* [Materials provided]
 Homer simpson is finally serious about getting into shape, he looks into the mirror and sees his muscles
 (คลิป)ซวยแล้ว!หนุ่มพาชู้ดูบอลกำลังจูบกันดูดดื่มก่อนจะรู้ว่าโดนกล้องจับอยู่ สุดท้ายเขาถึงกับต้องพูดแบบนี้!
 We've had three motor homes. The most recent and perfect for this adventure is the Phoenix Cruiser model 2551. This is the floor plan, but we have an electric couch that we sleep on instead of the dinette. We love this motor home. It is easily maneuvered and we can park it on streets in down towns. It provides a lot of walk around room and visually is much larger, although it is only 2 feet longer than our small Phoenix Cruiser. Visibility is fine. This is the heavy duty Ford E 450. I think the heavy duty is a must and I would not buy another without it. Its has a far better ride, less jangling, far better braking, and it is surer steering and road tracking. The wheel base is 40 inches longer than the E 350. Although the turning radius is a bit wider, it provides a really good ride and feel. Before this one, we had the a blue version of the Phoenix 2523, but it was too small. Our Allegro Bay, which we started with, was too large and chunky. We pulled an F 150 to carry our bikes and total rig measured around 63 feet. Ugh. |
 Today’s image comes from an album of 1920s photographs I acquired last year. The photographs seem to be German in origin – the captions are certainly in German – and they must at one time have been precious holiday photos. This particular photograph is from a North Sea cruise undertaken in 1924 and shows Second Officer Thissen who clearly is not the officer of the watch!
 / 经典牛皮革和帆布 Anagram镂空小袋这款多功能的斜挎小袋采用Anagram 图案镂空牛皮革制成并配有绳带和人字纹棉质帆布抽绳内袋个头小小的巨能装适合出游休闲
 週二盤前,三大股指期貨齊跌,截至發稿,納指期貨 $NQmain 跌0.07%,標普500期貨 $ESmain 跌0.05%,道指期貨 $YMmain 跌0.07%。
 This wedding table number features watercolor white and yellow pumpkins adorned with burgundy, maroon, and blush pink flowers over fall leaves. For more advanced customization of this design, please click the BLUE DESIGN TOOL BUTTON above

* [Required work] Set down the lines of the listing above verbatim, first line through the line containing "(คลิป)ซวยแล้ว!", inclusive; add no other lines.

* [Your response]
 Homer simpson is finally serious about getting into shape, he looks into the mirror and sees his muscles
 (คลิป)ซวยแล้ว!หนุ่มพาชู้ดูบอลกำลังจูบกันดูดดื่มก่อนจะรู้ว่าโดนกล้องจับอยู่ สุดท้ายเขาถึงกับต้องพูดแบบนี้!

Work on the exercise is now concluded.